28 августа.Уплатили налог по 50 руб. с каждого трудоспособного. Какой-то дополнительный налог, помимо всех других, он не имеет даже названия. На что налог — неизвестно.
29 августа.На пристани работают пять девчат с нашей улицы и с Песчаной. Трое — комсомолки. Все мы хорошо знаем друг друга, поэтому не скрываем своих мыслей. Мечтаем о том, как будем встречать братьев, отцов. Поем советские песни. И каждое утро приветствуем друг друга частушкой:
Он, на cepui легко стало, Звштку радiсну дштала. Та ще й краще йому будеЯк з вшни до нас прибудуть.
4 сентябряНе прекращаются разговоры среди жителей об операции «Днепр». Говорят, что налетел из плавней партизанский отряд.
Мальчишки бегают на пристань с ведрами и, засучив штаны, черпают зерно со дна. Хоть населению от этого польза будет.
29 сентября.Новое поручение мне и Лиде: размножить по образцу и разбросать по Ильинке листовки. 50 штук! Мы справились с этим в два вечера. Я почти не боялась. Разве только самую чуточку.
12 октября.В операции под названием «Знамя» участвовали Наташа, Лида и я.

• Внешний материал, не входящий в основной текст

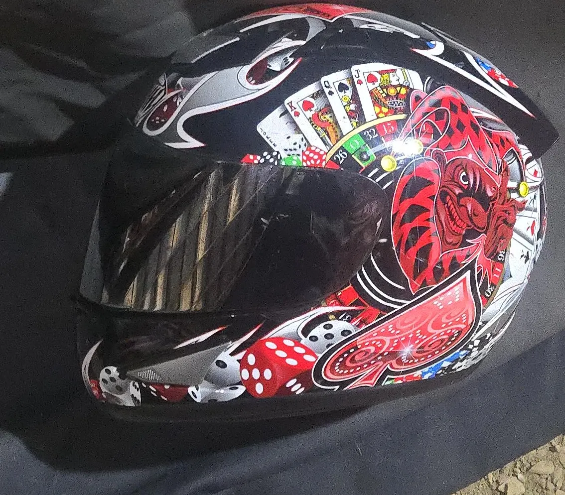 Selling a motorcycle helmet with a unique casino-themed design. It features playing cards, dice, and a roulette wheel motif. The helmet appears to be in good condition. Perfect for riders who want to stand out!

Комитет поручил нам оформить знамя Добровольной Организации Патриотов. Было два предложения: сделать знамя из любого красного материала или добыть настоящее, наше школьное, которое перед приходом немцев Наташа сняла с древка и спрятала (вот молодчина!) в физическом кабинете, в шкафу с наглядными пособиями.
О том, что школьное знамя сохранилось, Наташа узнала, зайдя якобы насчет работы. Ей, конечно, отказали. Но она успела заметить, что в шкафу, где спрятано знамя, все лежит так, как лежало, никто ничего не трогал, потому что в прошлую зиму школа не работала, а в этом году занятия идут только в младших классах. Для малышей физические приборы не требуются, и шкаф, скорей всего, ни разу не открывали.
Конечно, проще всего было бы сделать знамя из крашеной простыни или Лидкиной красной кофты — Лида предлагала её. Тут ни риска, ни страху. Но Наташа пристыдила нас: плохие мы, дескать, подпольщики, если риска боимся. А потом, говорит, полицаи могут найти в шкафу знамя и надругаться над ним, а знамя — это святыня, его во что бы то ни стало надо спасти.
Мы решили забраться в школу ночью, взять знамя, а заодно, если найдем, батареи для радиоприемника.
Наташа подговорила своего братишку перед концом занятий незаметно открыть шпингалеты окон, выходящих во двор. Гришутка сделал это, и вот мы втроем — Наташа, Лида и я, переодевшись в старье и намазав лица сажей, в полночь пришли к школе. Накрапывал дождь, было так темно, что мы друг друга не видели. У меня екало сердце и ноги подгибались.
Первой в окно залезла Лида, она самая отчаянная. Потом Наташа. А потом я. Когда я перелезала через подоконник, то распорола коленку о какой-то проклятый гвоздь. Вгорячах мне не было больно, а сейчас болит. Держась друг за дружку, мы на цыпочках шли по школьному коридору. Физический кабинет оказался закрытым на замок. Тогда Наташа повела нас в учительскую, где на гвоздике висела связка ключей. Мы старались ступать на носки, а все равно шаги были слышны по всей школе, и я боялась, что их услышит за стенкой директор Есин. Боже мой, сколько раз у меня обрывалось сердце, пока мы шли за ключами и обратно!